O kanlı sabahtan bu yana sekiz
yıl geçti…
Ölüm haberleriyle uyanıp isim listelerini yürek
sızısıyla okuduğumuz o karanlık günden bu yana,
koca sekiz yıl…
Oligarşik diktatörlüğün kanlı tarihinin en berbat
sayfalarından biri açıldı o gün. Daha fazlasını
göze almışlardı, sonradan itiraf ettiler bunu.
Daha fazlası da sonradan geldi zaten, ölüm oruçlarında
… can verildi.
Şimdi, aradan 8 yıl geçtikten sonra, dönüp yeniden
baktığımızda, bütün olup bitenlerin gerçek nedenini
bir kez daha anlıyoruz.
Devrimci hareketin bir kuşağını yok etmek istediler
evet; böylece devrimci hareketin yeni kuşaklarının
ve toplumsal mücadeledeki bütün güçlerin yüreklerine
korku salmak istediler, bu da doğru. Ama aslında
başka bir şeyi yapmak istediler: Bu onların gelecek
tasarımıydı. Yalnızca o günü hesaplamadılar; o
günün üzerinden daha uzağa, geleceğe baktılar
ve onu biçimlendirdiler.
Birincisi, bu topraklarda daha iyi bir dünya için
savaşmak isteyen yeni kuşaklara yeni bir zindan
çerçevesi çizdiler. Postmodernizmin dışarıda inşa
ettiği korkunç insan yalnızlığının hapishanedeki
karşılığını yarattılar. İstediler ki, her devrimci
hapishaneye girince tükensin, yalnız ve çırılçıplak
kalsın, bütün dayanışma biçimlerinin uzağında
çürüyüp gitsin.
İkincisi, aynı yalnızlık ve çıplaklığı deyim yerindeyse
eğer bir "19 Aralık Kriterleri" olarak
bütün topluma yaymak istediler. Büyük bir dehşet
tablosu yaratarak beyinlere kazımak ve toplumsal
düzeyde bir "tretman" yaratmayı amaçladılar.

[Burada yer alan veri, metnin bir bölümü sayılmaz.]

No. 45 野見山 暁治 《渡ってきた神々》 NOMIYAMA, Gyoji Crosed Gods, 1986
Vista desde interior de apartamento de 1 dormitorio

Birincisi, ne olursa olsun devrimciler açısından
başarılamaz bir plandı. Nitekim hiçbir zaman tam
olarak başarılamadı. Devrimci akıl ve devrimin
ruhu her gedikten sızdı, her zaman ve her koşulda
kendine bir yol aradı buldu.
İkincisi ise zaten bu toprakların gerçekliği içinde
kendisine uzun süre yer bulamazdı. Öyle de oldu.

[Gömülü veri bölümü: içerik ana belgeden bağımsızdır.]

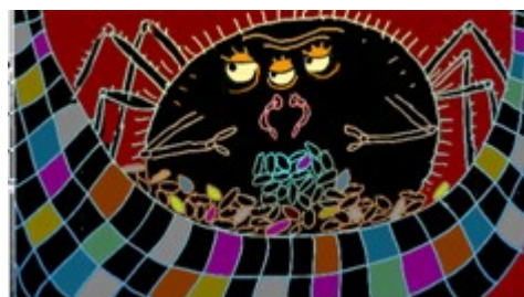
Chroniques animales / L'araignée (pilote de série)

La Vénus de Rabo de François Bertin, 2010, 10' (Sous réserve)
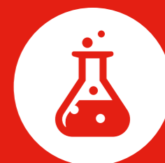
Dreiging van chemische, biologische, radiologische en nucleaire middelen (CBRN)
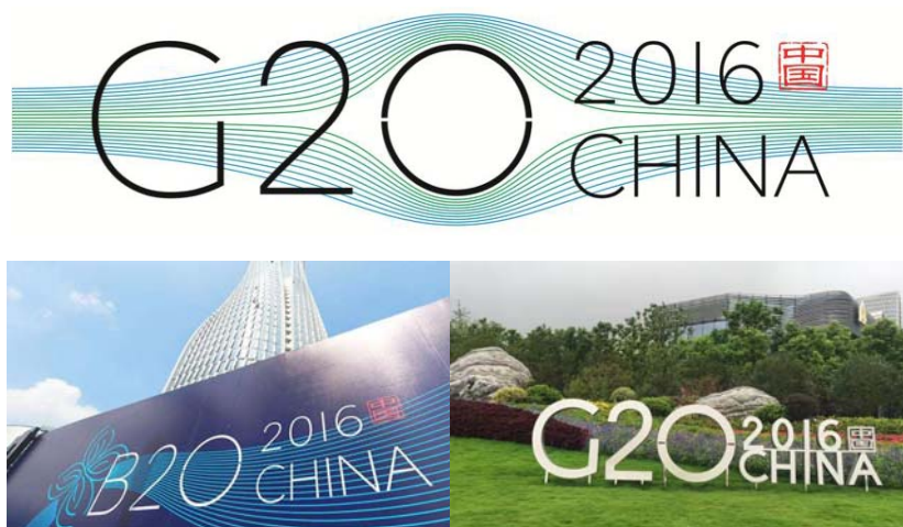
图 1.1 2016 年杭州 G20 峰会

一个简单的标志除了能给人们很多的想象空间，更重要的是能表达特殊的含义。它不仅是一个简单的符号，还包含了许多附加内容，使观者通过它的刺激了解符号包含的内在信息，达到无声胜有声的传播与沟通效果。可以说标志就像一个有着复杂含义的事物的浓缩点（如图 1.1）。
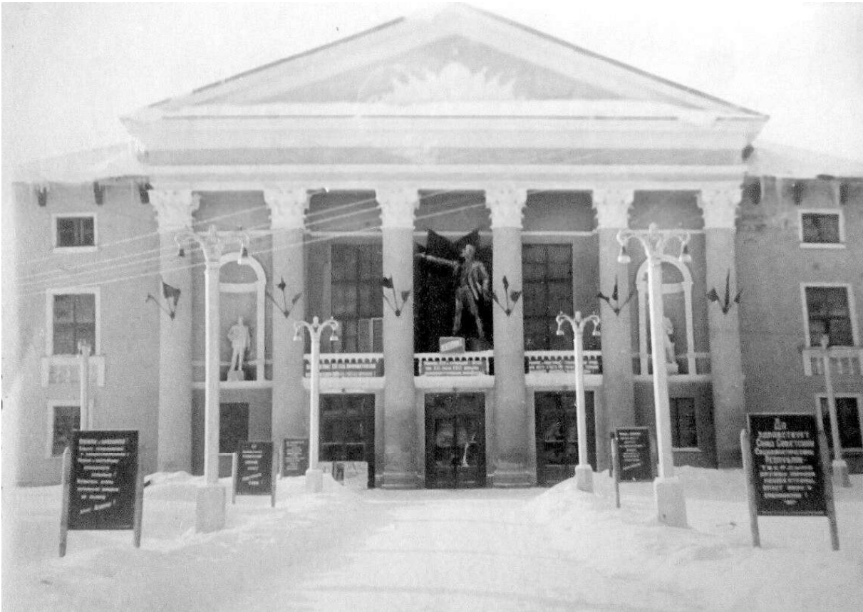
Ил. 3. Дом культуры Лесопильщиков (позже ЛДК Маклаковского) (URL: https://ok.ru/dorogieles/album/52669030858947/858032664259 )
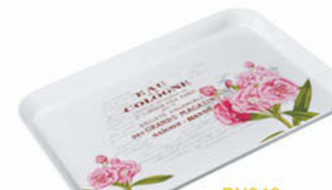
PN342 托盘 420 × 310 × 30mm 6943203407716
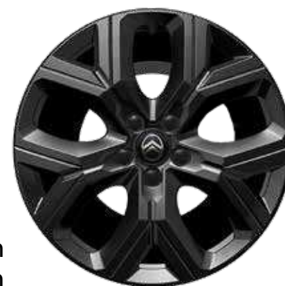
רמת גימור – YOU חישוקי 18" בגימור CARBON

Yine sokaklar boş kalmadı, yine insanlar ellerini
kaldırıp insanca bir yaşam için seslerini yükselttiler
ve yükseltiyorlar.
Şimdi, 19 Aralık 2008'de, en son 1 Mayıs'ın görüntülerini
anımsıyoruz. Büyük bir kan banyosunun bile bu
topraklardaki devrimci damarı kurutamadığını,
sokakta savaşmak isteyenlerin cesaretini kıramadığını
görüyoruz.
Bu bir umuttur.
Bu bir güvendir…
Türkiye devrimci hareketi kırılarak, kıyılarak
geliyor. Yine de kendini üretiyor, yine de sokaklar
boş kalmıyor.
Öfkemiz büyük, belleğimiz taze. Unutmuyoruz, unutmamız
mümkün değil.
19 Aralık, uğrunda canlar verilmiş bir "devlet
dersi"dir. Ama herkes için bir ders… O günden
bugüne sokaklarda çınlayan "hesap soracağız"
sloganını duymazlıktan gelenler, duyup da umursamayanlar,
çanlar çaldığında pişman olacaklar.
Çünkü bu hesap gerçekten sorulacak. Türkiye devrimci
hareketi bunun üstünden atlayıp geçmeyecek, geçemez.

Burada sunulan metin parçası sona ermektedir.